# He licked my coffee cup!



## PixelRabbit (May 25, 2012)

So I was out on the deck at sunset enjoying a coffee an ran inside for a minute to grab something.  The cats  were freaking out following something along the front of the house so I  went to check why.... 


It was a porcupine and he came up on the deck and licked my  coffee cup!! Thank goodness I ran inside for a second *phew* (reminds self to stop leaving that out there and coming  back for a drink lol)




He lumbered around then headed off the deck.  Looked like a pretty young fella.





After he was off the deck and at a safer distance I went outside, he turned and walked towards me ! I was ready to make a quick retreat if he turned his prickly side to me lol





But he didn't, he just stopped to smell the flowers as he lumbered away


----------



## dxqcanada (May 25, 2012)

Ah man ... I have yet to really see a porcupine. 
So far the only one I have really encountered was along the road chewing on a road barrier while we were driving by.


----------



## BlackSheep (May 25, 2012)

That's awesome! Porcupines are so cool, I loved working with them back when I was a volunteer at the local wildife shelter. They have so much personality.

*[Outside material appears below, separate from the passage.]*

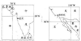 (2)甲海域位于北印度洋,夏季,受西南季风的影响,洋流呈顺时针;乙海域位于美国中低纬大陆的西岸,洋流为加利福尼亚寒流。

ETA for the above video - turn speakers on - the audio is very funny!


----------



## PixelRabbit (May 25, 2012)

Aw dxqcanada, I've seen them a few times and they are always so nonchalant and I think they are awfully cute lol 
BlackSheep thanks, that is beyond cool that you got to work with wildlife and these guys like that! OMG that video is adorable! Thanks for posting it


----------



## BlackSheep (May 25, 2012)

Glad you liked Teddy! Apparently he's quite the youtube star:






Got any corn & champagne for yours? That would make for some interesting photos....lol


----------



## PixelRabbit (May 26, 2012)

Lol that one is awesome too BlackSheep  
Taking the licking of my cup into account perhaps coffee and a donut instead of corn and champagne ? Lol


----------